For a prolifically revived show like “Damn Yankees,” different iterations speak to different eras. Bowing on Broadway in 1955, the crowd-pleasing Faustian tale was imbued with mid-century pep. When playwrights Doug Wright and Will Power set out to modernize the musical, they added dramatic weight by making Joe’s father a Negro Leagues standout who never got a shot at the majors. Wary of overburdening a lighthearted romp, however, they also shifted the focus not to today but to 2000 — and a pre-9/11 innocence worthy of the source material’s diverting exuberance.
The show “was created at a time where the world had just gone through World War II and when baseball became a huge sport, and the sport itself was used as a way to uplift communities and it became a huge American tradition,” said Sergio Trujillo, who directed and choreographed the “revisal,” which has Broadway aspirations.” “There’s such as an overabundance of spirit and celebration for me, which really reflect what this country is.”
Then there’s the obvious sandbox for spectacle. In “Bull Durham,” director Marc Bruni used sliding runners, bat flips and bench-clearing brawls to power a song-and-dance extravaganza. Any decent “Damn Yankees” staging mines some fun from asking its macho ballplayers to twirl, shuffle and tap as if they play for the Savannah Bananas.
But as Trujillo emphasized in his kinetic “Damn Yankees” production, which brought on coach Tony Mercado as a baseball consultant, there’s value in balancing authenticity and artistry. That, after all, is where sports shows can make unforced errors. Although audiences understand dramatic license, they’ll see right through the clumsy handling of a game they cherish. Unlike sports movies and series, stage productions can’t lean on stunt doubles or editing tricks to cover for an ungainly actor.
“I wanted to make sure that those boys know when they’re batting, when they’re throwing, when they’re catching, that we’re not just faking,” Trujillo said. “So I always took that very much into consideration, because I think authenticity really pays off.”

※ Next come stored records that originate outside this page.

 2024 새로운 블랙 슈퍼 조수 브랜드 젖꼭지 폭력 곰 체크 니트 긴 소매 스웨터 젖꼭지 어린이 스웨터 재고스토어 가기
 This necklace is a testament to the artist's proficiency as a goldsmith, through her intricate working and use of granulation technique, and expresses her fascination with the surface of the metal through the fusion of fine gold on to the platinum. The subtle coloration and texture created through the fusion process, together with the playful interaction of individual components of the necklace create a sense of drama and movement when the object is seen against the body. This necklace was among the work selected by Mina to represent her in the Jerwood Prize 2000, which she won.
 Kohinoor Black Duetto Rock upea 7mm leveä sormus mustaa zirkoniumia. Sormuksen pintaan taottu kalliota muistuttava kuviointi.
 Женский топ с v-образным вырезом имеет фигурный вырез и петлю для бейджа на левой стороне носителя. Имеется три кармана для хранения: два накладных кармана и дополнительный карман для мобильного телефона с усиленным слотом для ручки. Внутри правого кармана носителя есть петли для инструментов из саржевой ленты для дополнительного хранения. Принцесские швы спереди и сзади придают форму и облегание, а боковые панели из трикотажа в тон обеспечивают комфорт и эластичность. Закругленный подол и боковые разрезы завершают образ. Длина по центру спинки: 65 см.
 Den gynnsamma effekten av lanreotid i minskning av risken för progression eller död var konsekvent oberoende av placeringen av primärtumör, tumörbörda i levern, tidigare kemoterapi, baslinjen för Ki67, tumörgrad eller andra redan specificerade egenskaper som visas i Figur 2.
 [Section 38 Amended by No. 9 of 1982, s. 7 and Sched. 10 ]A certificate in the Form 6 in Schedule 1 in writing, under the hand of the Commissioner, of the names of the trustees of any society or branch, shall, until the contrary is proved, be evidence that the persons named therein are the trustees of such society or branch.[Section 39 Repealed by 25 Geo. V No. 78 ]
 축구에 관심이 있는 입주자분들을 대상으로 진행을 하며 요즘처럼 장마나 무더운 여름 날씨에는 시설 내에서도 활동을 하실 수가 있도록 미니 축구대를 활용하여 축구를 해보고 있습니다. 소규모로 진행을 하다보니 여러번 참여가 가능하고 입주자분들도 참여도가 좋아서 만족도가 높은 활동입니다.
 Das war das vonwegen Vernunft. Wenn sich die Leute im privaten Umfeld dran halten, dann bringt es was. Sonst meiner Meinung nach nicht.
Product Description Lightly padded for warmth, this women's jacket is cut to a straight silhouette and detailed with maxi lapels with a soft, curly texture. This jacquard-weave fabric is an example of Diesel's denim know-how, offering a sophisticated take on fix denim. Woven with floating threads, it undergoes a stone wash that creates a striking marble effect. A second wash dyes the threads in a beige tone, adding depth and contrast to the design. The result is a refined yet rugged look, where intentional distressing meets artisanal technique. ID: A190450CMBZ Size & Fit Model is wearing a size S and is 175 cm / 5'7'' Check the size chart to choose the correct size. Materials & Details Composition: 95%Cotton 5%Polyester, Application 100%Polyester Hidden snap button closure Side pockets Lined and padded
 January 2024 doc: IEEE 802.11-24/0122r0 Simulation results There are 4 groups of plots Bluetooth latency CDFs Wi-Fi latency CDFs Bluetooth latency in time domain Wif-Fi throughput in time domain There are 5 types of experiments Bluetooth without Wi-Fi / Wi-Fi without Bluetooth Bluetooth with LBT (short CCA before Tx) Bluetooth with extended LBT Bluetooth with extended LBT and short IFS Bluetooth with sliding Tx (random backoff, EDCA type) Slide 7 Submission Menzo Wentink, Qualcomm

It helps that the grace and athletic prowess needed to excel in sports can translate onstage. (The 2000 musical “The Full Monty” riffed on this idea with the number “Michael Jordan’s Ball,” in which burly dancing neophytes learn how to bust a move through sports analogies.) This past summer, when I attended a “Red Pitch” training session in which actors played soccer alongside talented Howard County teenagers, there was no mistaking the show’s stars for World Cup prospects. But by the time “Red Pitch” premiered in September, the central trio — Terrence Griffin, Angelo Harrington II and Ty’Ree Hope Davis — had developed enough on-the-ball ease to sell the play’s soccer sequences with aplomb.
“It’s all choreography,” Davis said. “It just goes with your natural movement, and you find the freedom in it.”
That said, the best sports set pieces are less focused on verisimilitude than character insight. There’s a critical moment in “Red Pitch” when one player’s deep-seated resentments manifest in a crunching tackle. In “Bull Durham,” Nuke LaLoosh’s lack of control on the mound stands in for the flamethrowing pitcher’s erratic love life. Strong’s version of “Chess” uses the matches as an opportunity for the players to spill their inner monologues between calling out their moves.
Ultimately, the pressure cooker of competition serves up camaraderie, conflict, heartbreak and revelry. There’s a reason that Old Trafford, Manchester United’s cathedral of a soccer stadium, is nicknamed the Theatre of Dreams. And several current or former United players — Marcus Rashford, Jadon Sancho and Harry Maguire — are even characters in “Dear England,” James Graham’s Olivier Award-winning play about the England men’s soccer team’s eschewing of hypermasculinity and embrace of sports psychology.
Sports can be theater, and theater can be sports. Either way, the crowd wins.